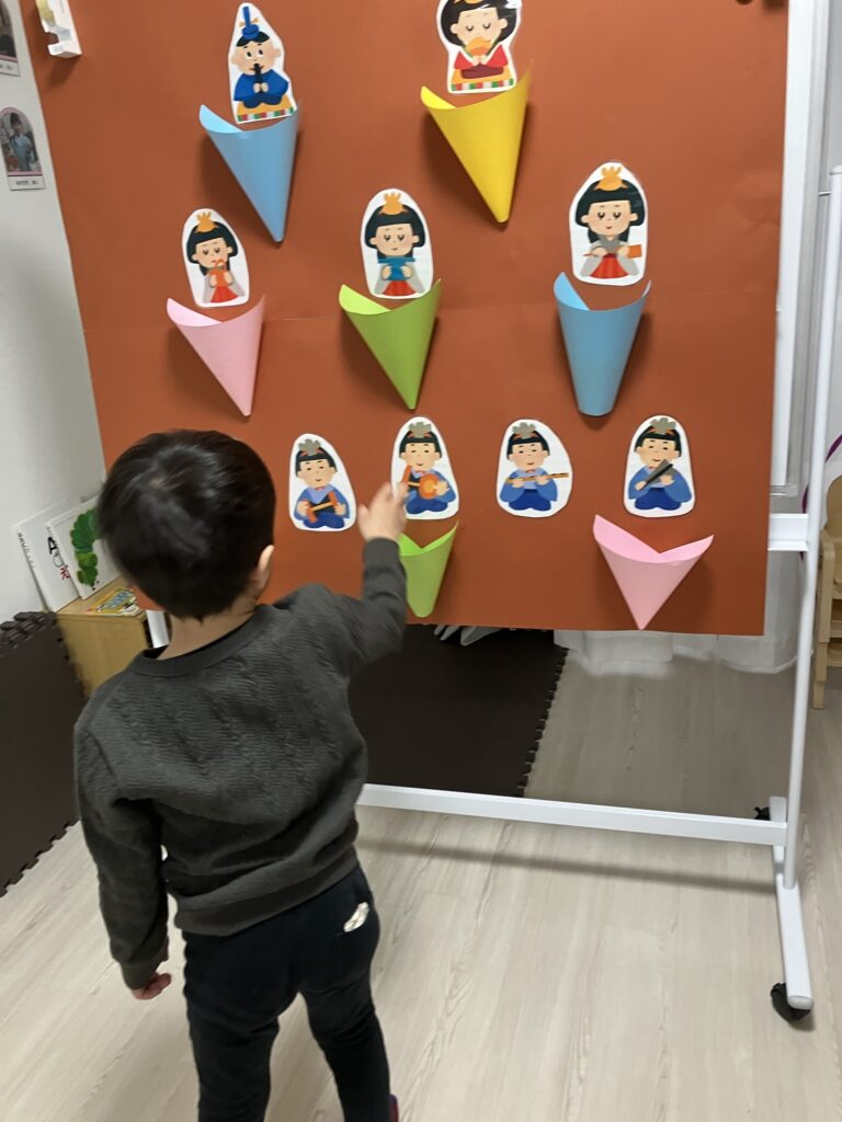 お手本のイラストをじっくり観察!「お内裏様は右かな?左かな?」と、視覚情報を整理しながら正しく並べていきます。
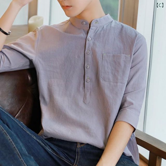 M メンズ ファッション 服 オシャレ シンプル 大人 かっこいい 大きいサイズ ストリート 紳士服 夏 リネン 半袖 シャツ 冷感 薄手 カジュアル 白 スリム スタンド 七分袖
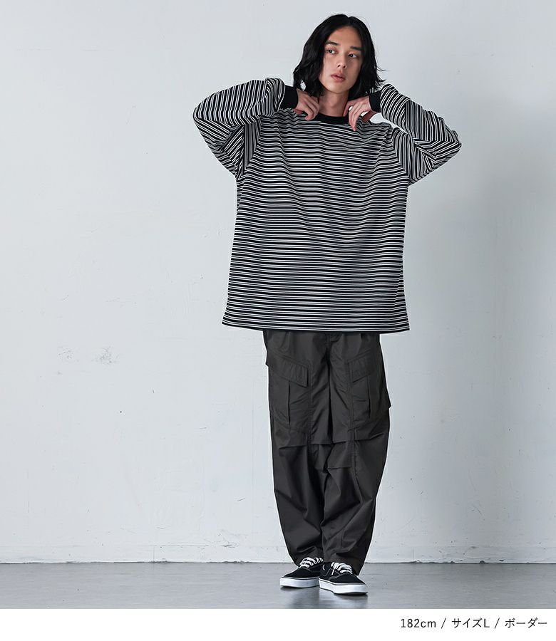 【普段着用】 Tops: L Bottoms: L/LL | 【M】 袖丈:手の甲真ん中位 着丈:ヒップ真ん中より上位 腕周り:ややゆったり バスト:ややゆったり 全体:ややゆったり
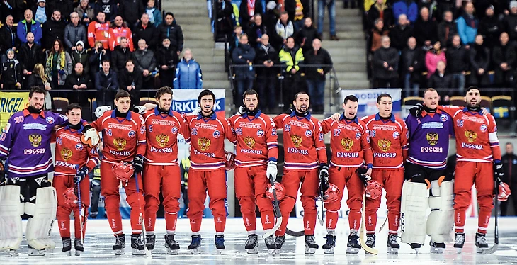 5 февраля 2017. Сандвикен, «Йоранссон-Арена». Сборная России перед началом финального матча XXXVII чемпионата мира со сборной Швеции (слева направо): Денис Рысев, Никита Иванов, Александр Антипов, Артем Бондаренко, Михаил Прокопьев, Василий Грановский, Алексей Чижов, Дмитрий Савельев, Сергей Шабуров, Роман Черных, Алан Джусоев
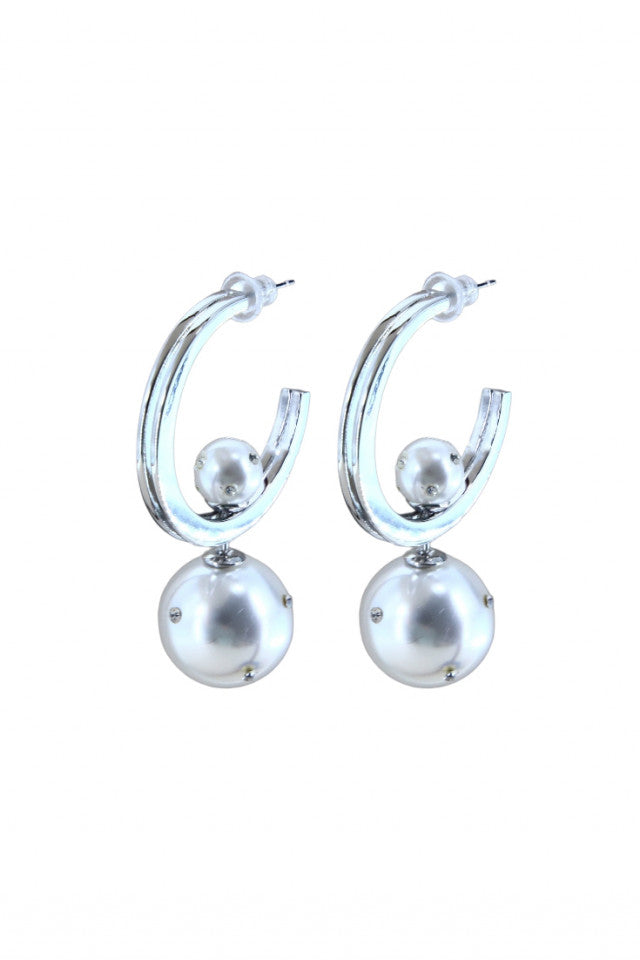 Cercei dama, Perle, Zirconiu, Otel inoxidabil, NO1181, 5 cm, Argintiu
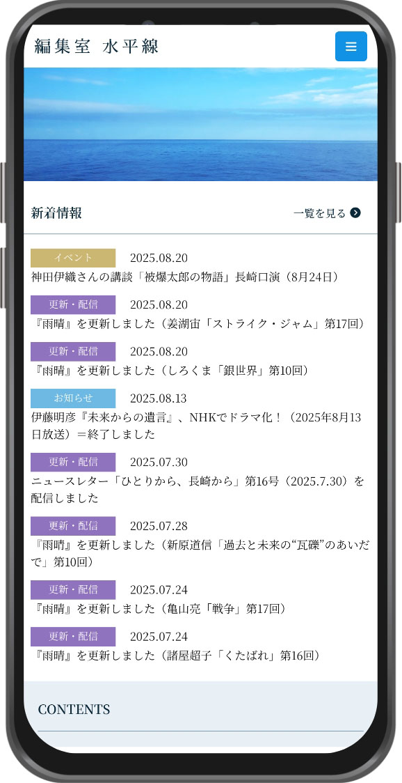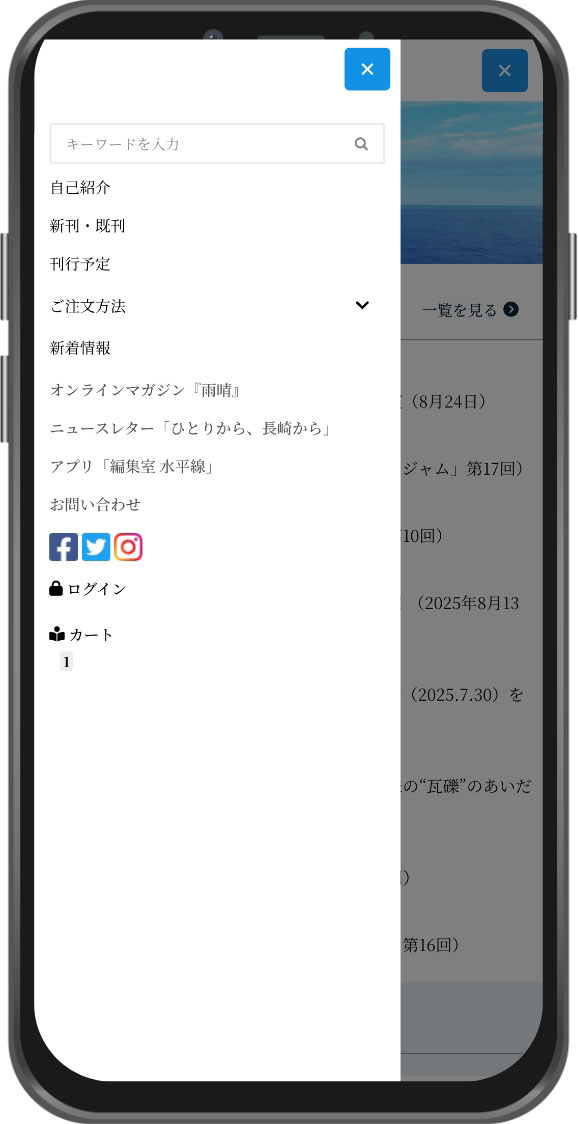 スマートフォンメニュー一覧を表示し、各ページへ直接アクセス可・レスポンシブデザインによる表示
# # # # #
**WHAT YOU HAVE TO DO:**
Could you write out exactly the lines from the line containing "5 февраля 2017." to the end of the material, and nothing else? No pictures belong in the copy.

**TASK SOLUTION:**
 5 февраля 2017. Сандвикен, «Йоранссон-Арена». Сборная России перед началом финального матча XXXVII чемпионата мира со сборной Швеции (слева направо): Денис Рысев, Никита Иванов, Александр Антипов, Артем Бондаренко, Михаил Прокопьев, Василий Грановский, Алексей Чижов, Дмитрий Савельев, Сергей Шабуров, Роман Черных, Алан Джусоев
 Cercei dama, Perle, Zirconiu, Otel inoxidabil, NO1181, 5 cm, Argintiu
 スマートフォンメニュー一覧を表示し、各ページへ直接アクセス可・レスポンシブデザインによる表示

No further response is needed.